In a significant policy shift under the Trump administration, the new Federal Housing Finance Agency (FHFA) Director Bill Pulte issued an order on March 25, 2025 terminating special purpose credit programs (SPCPs) supported by the government sponsored enterprises, Fannie Mae and Freddie Mac (together, the GSEs). This directive, effective immediately, will significantly impact banks with mortgage-based SPCPs.
SPCPs — programs through which financial institutions may consider prohibited-basis information when determining whether to extend credit to economically or socially disadvantaged groups — are specifically authorized under the Equal Credit Opportunity Act (ECOA) and Regulation B, but not the Fair Housing Act (FHA). Nonetheless, in December 2021, the U.S. Department of Housing and Urban Development’s (HUD) Office of Legal Counsel issued a legal opinion stating that SPCPs that address home mortgage credit needs for economically disadvantaged groups and are designed and implemented in compliance with the ECOA and Regulation B generally do not violate the FHA. In February 2022, multiple federal agencies, including HUD and the FHFA, issued interagency guidance (the Policy Statement) strongly encouraging the use of SPCPs by financial institutions under both the ECOA and the FHA.
However, according to the order, which was posted on Director Pulte’s social media account X, the FHFA now has determined that the current level of support for SPCPs is “inappropriate for regulated entities in conservatorship,” a reference to the FHFA’s conservatorship of the GSEs. The order mandates the immediate termination of SPCPs supported by Fannie Mae and Freddie Mac. Those GSEs are permitted to comply with any contractual provisions regarding prior written notice to lenders, however.
Since President Trump took office in January, HUD’s legal opinion authorizing SPCPs under the FHA has been removed from HUD’s website, but the agency has not yet formally withdrawn the opinion. This could mean that HUD is re-examining the opinion to determine whether to retain it, rescind it, or modify it. The federal agencies have not yet taken action to rescind or amend the Policy Statement, but that is also likely under review.
Our Take
During the preceding administration, the level of support for SPCPs by the federal regulators was very high — to the point that many lenders felt that they needed to implement SPCPs to shield themselves from the very aggressive application of redlining concepts, especially by the federal banking regulators. FHFA’s recent order represents an about-face in this previous high level of encouragement for SPCPs. In light of the FHFA Director’s directive to the GSEs, banks and financial institutions with mortgage-based SPCPs should revisit their written plans and business objectives to determine whether any adjustments are advisable (e.g., to eligibility criteria) or whether to even continue offering them.

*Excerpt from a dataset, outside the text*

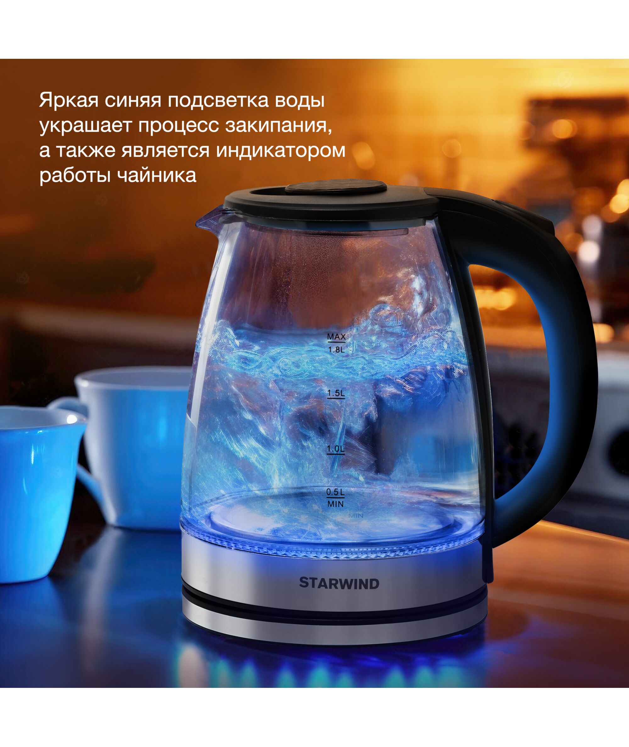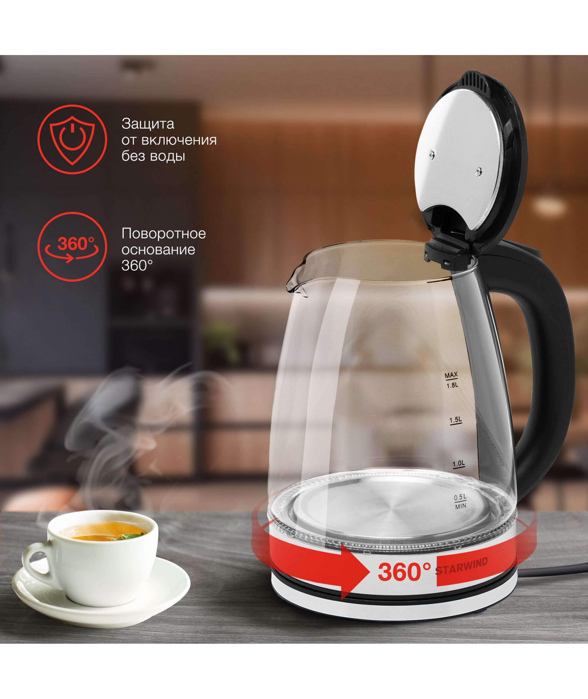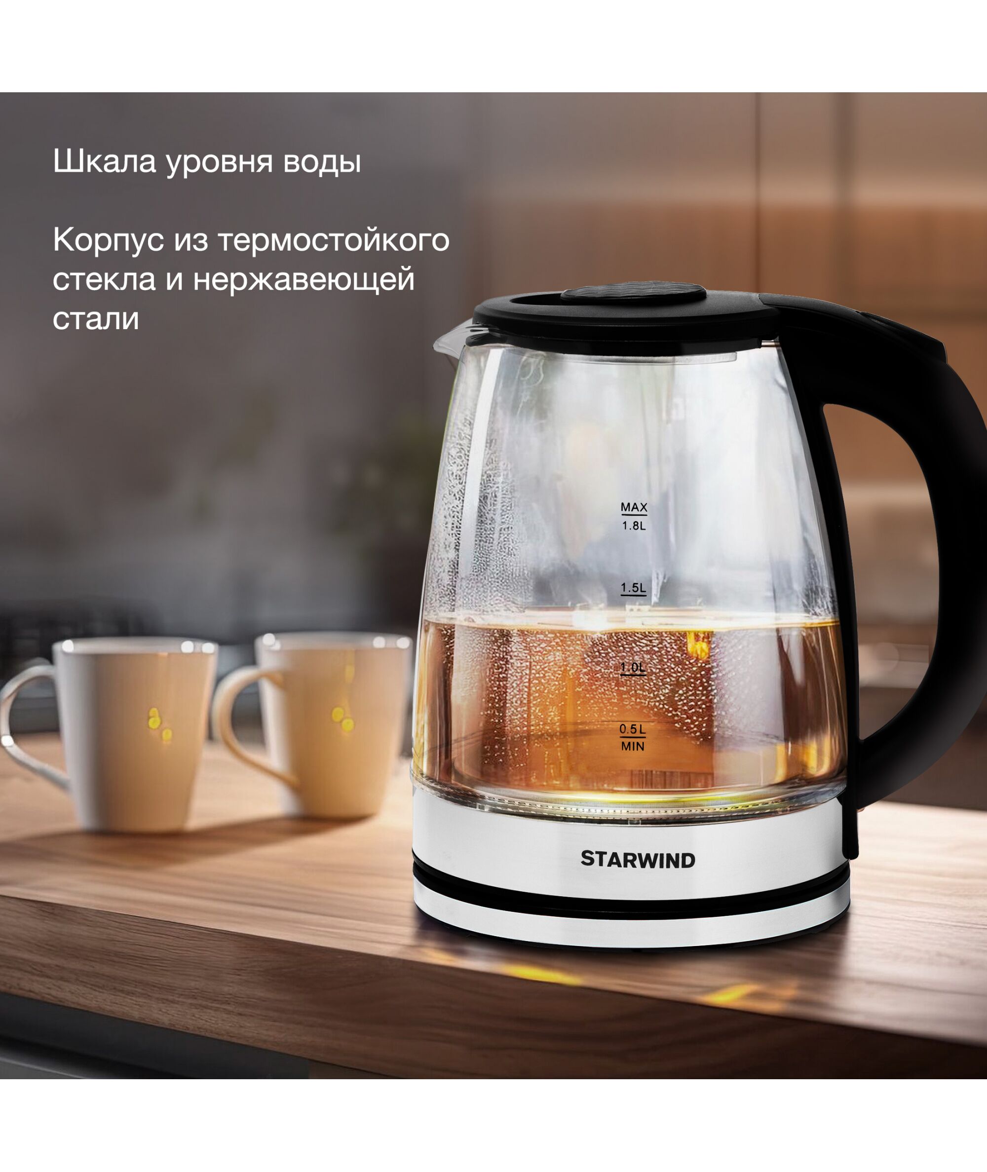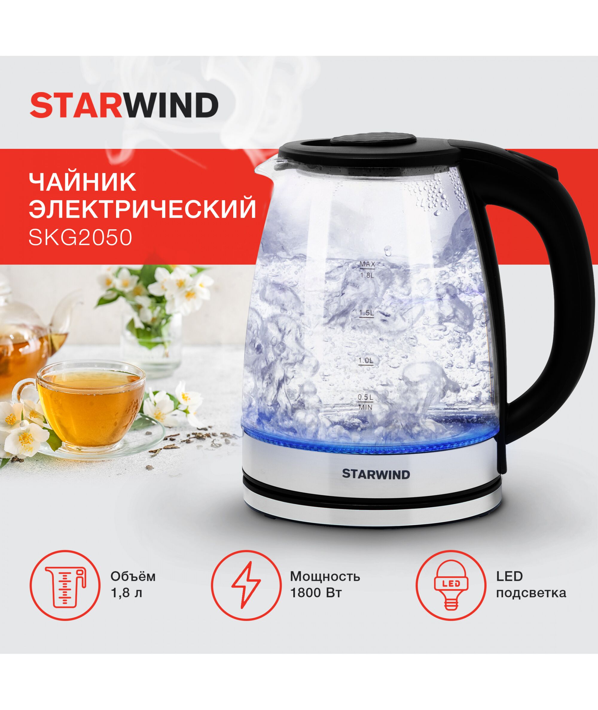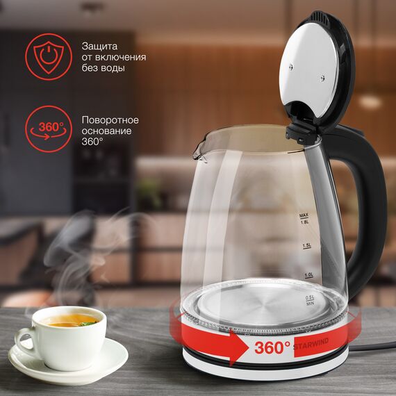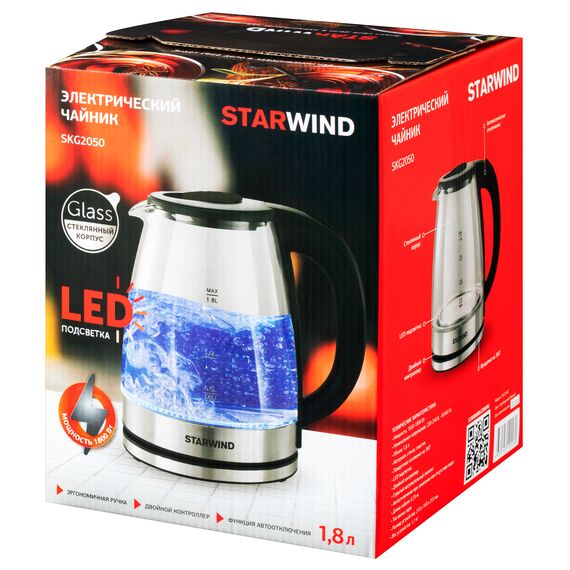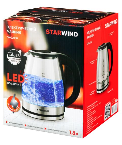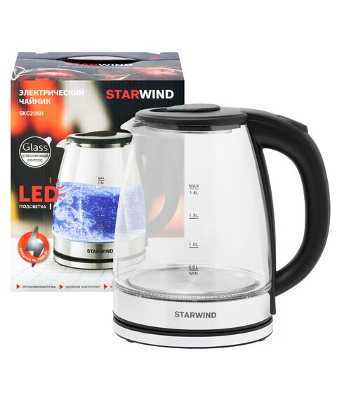 Чайник STARWIND SKG2050 1.8л. 1800Вт черный/серебристый корпус: стекло/пластик

More generally, this directive suggests that instead of the federal agencies looking upon SPCPs favorably, their use may instead increase regulatory scrutiny. In addition to a potential increase in regulatory scrutiny, private litigation is also a risk, especially for mortgage-related SPCPs, because of the absence of any statutory provision permitting them in the Fair Housing Act. Furthermore, practical risk is presented if SPCPs need to be modified or unwound, which could disrupt business plans in midstream.
We will continue to monitor this issue and provide updates as developments unfold concerning SPCPs.